- **What you will do**:
Using the data that follows, give again word for word the lines between the one holding "Bride and groom" and the one holding "Старшая сестрица плохо", inclusive. Omit the pictures.

- **Given information**:

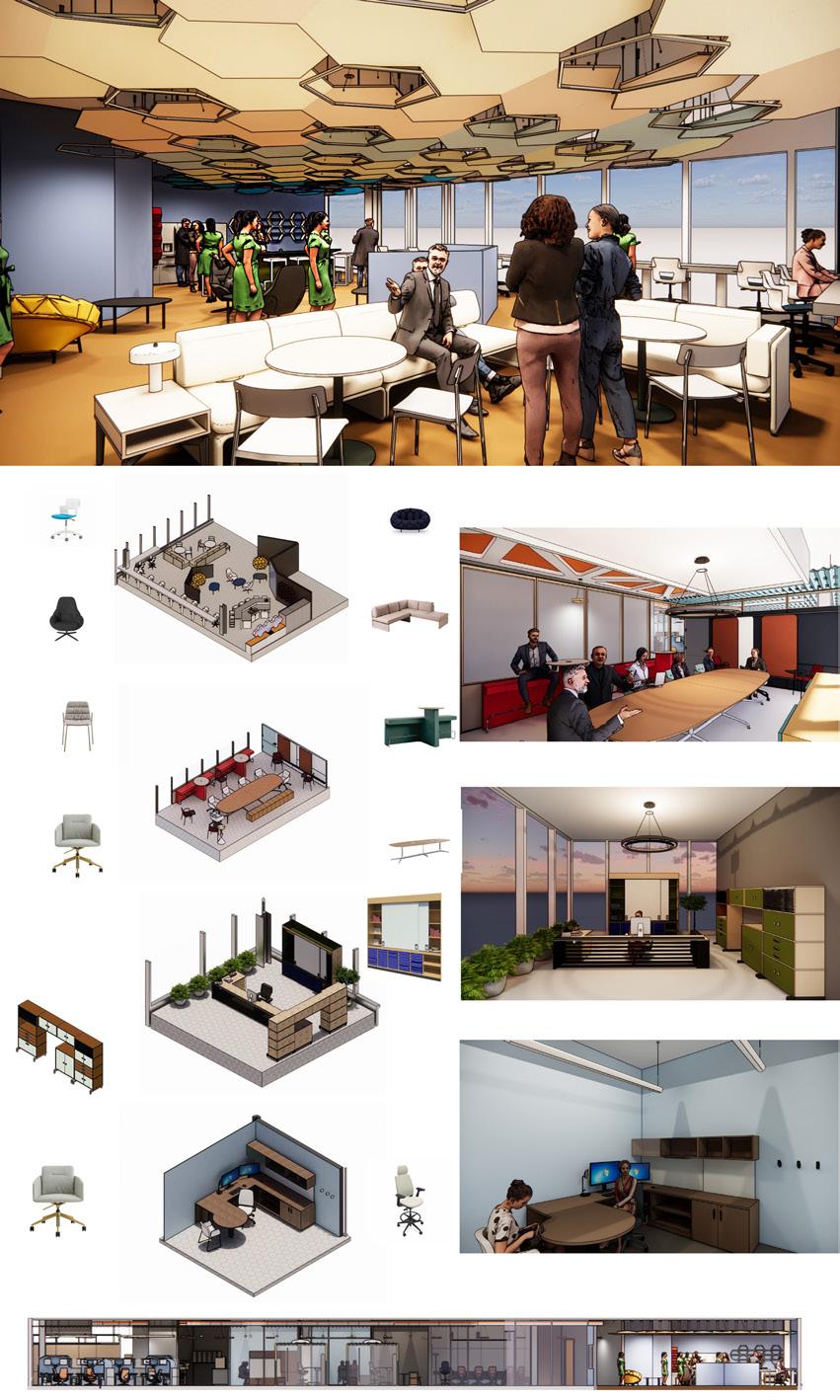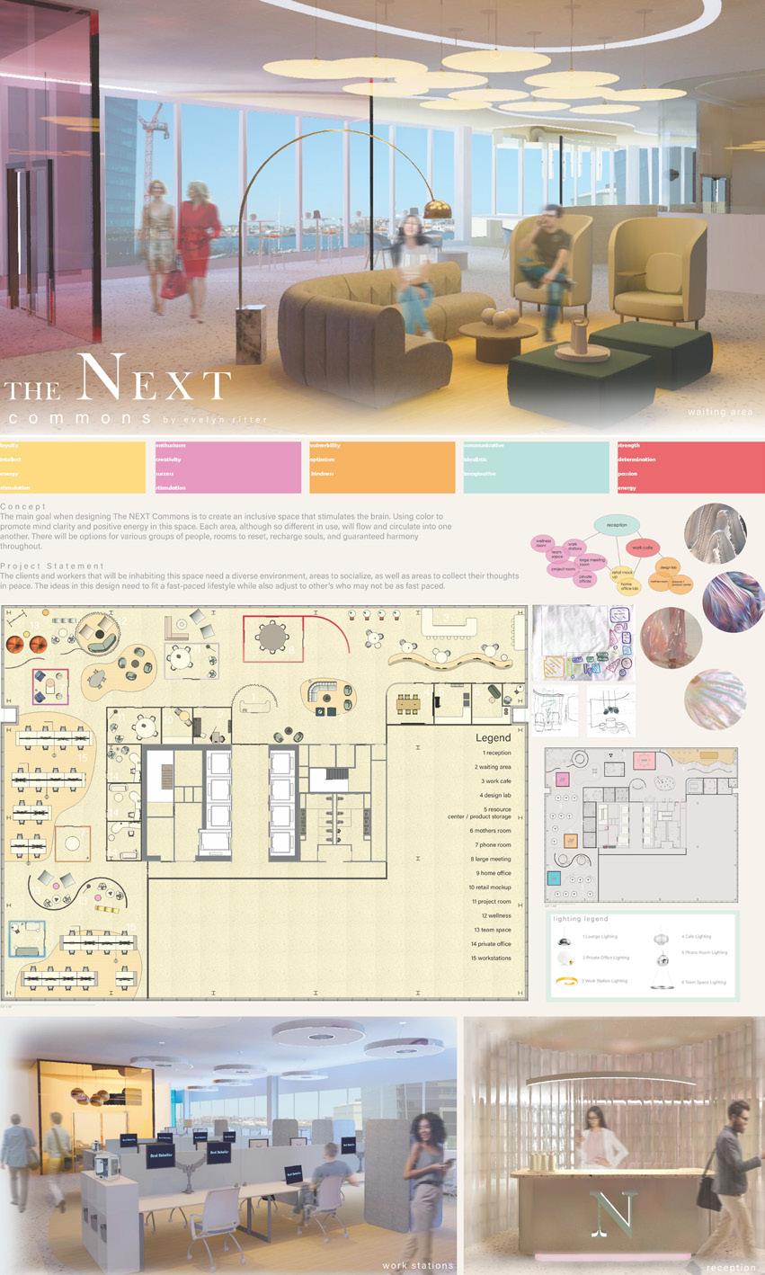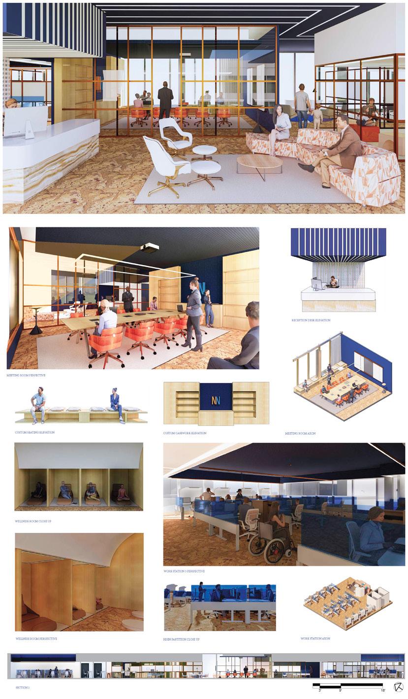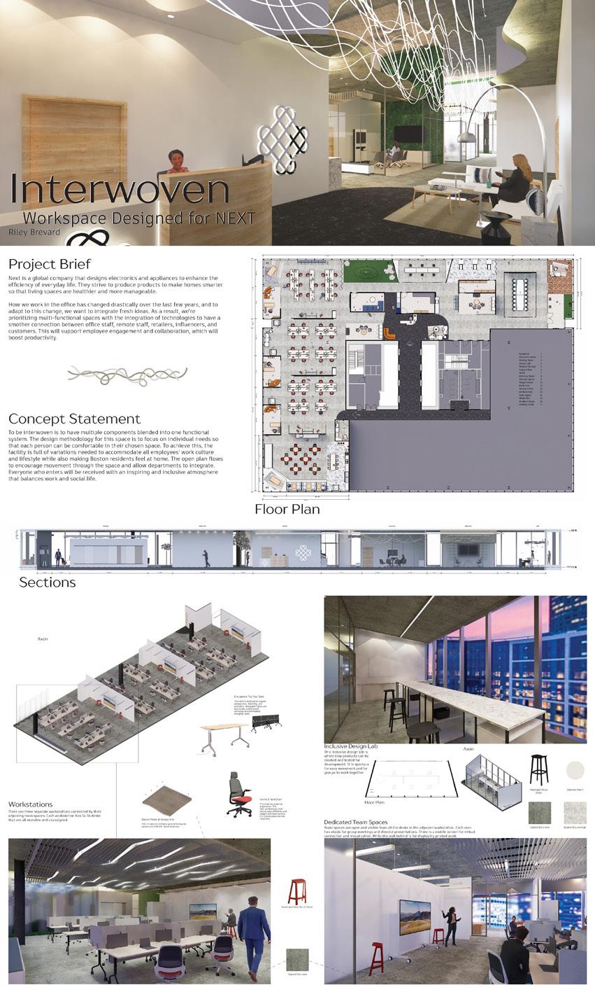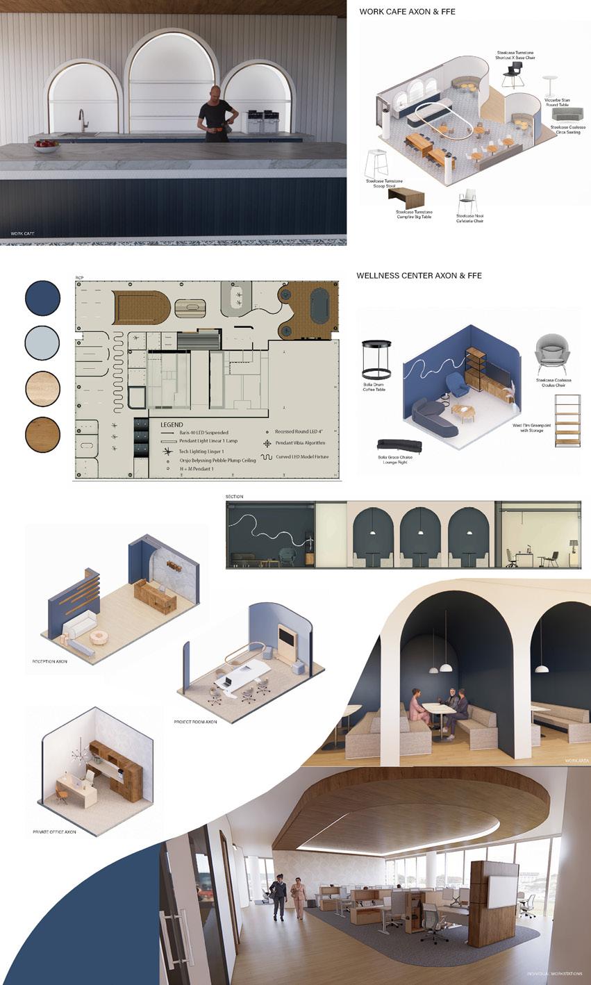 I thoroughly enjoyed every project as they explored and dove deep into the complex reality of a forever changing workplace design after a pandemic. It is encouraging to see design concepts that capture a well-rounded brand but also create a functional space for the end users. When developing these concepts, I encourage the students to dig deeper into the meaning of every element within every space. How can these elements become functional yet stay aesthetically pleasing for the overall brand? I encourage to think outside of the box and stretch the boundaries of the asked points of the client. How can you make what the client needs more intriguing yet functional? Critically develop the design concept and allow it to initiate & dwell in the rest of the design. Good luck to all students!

---

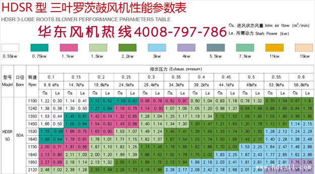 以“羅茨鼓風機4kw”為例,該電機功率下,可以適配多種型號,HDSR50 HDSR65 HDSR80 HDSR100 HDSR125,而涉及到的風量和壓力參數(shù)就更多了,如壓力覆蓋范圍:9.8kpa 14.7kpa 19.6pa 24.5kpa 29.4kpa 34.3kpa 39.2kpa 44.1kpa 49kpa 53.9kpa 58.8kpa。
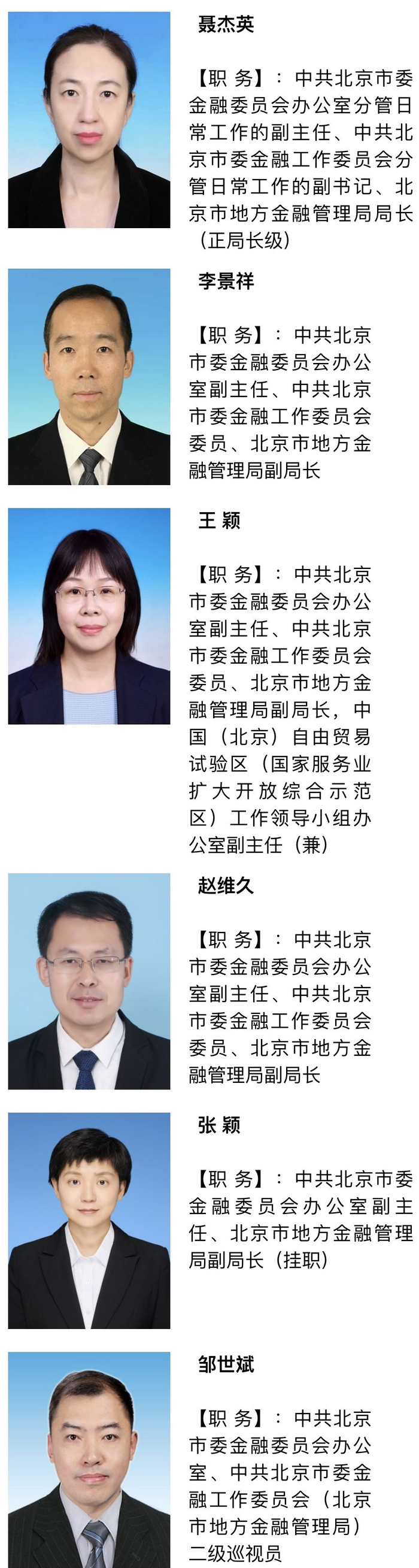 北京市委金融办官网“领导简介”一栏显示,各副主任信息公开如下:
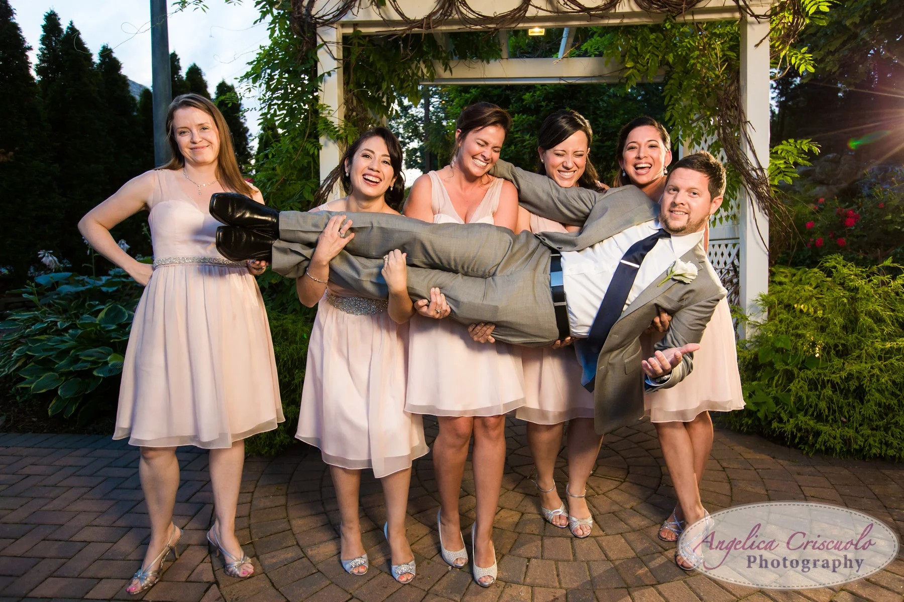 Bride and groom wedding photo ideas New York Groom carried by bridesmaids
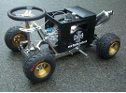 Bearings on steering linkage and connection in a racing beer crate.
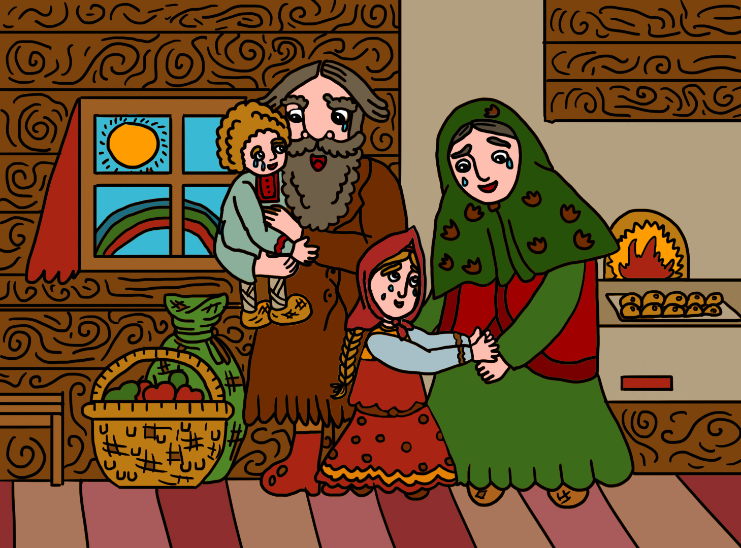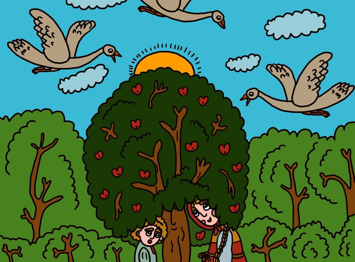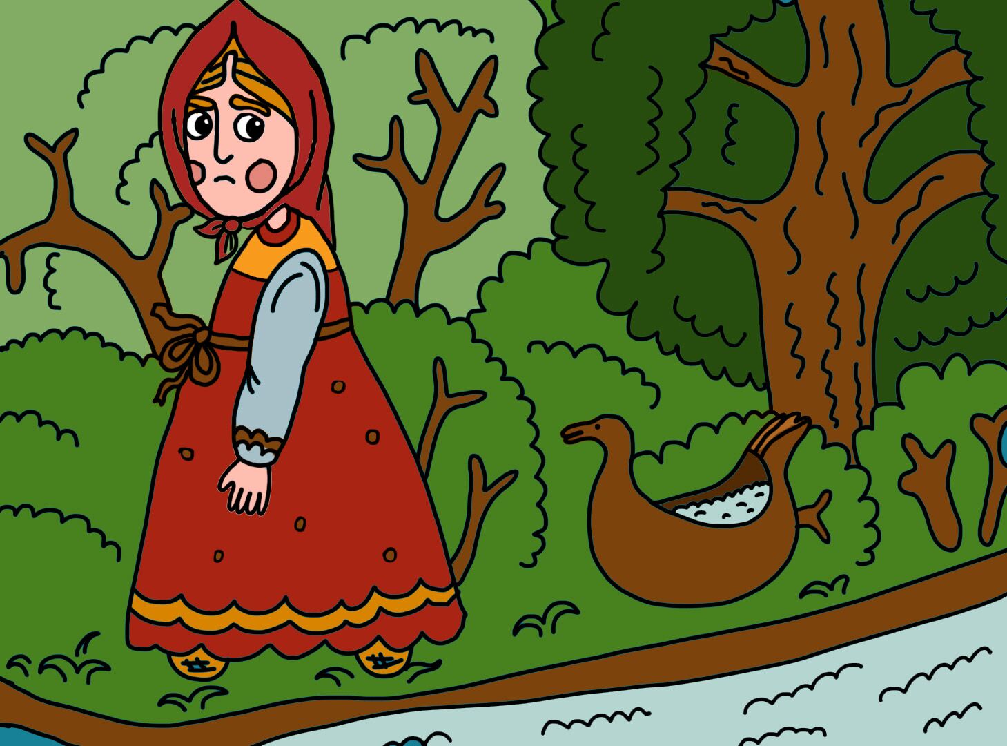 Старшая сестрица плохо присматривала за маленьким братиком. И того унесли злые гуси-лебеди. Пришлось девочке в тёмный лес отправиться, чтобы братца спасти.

- **Result of this exercise**:
 Bride and groom wedding photo ideas New York Groom carried by bridesmaids
 Bearings on steering linkage and connection in a racing beer crate.
 Старшая сестрица плохо присматривала за маленьким братиком. И того унесли злые гуси-лебеди. Пришлось девочке в тёмный лес отправиться, чтобы братца спасти.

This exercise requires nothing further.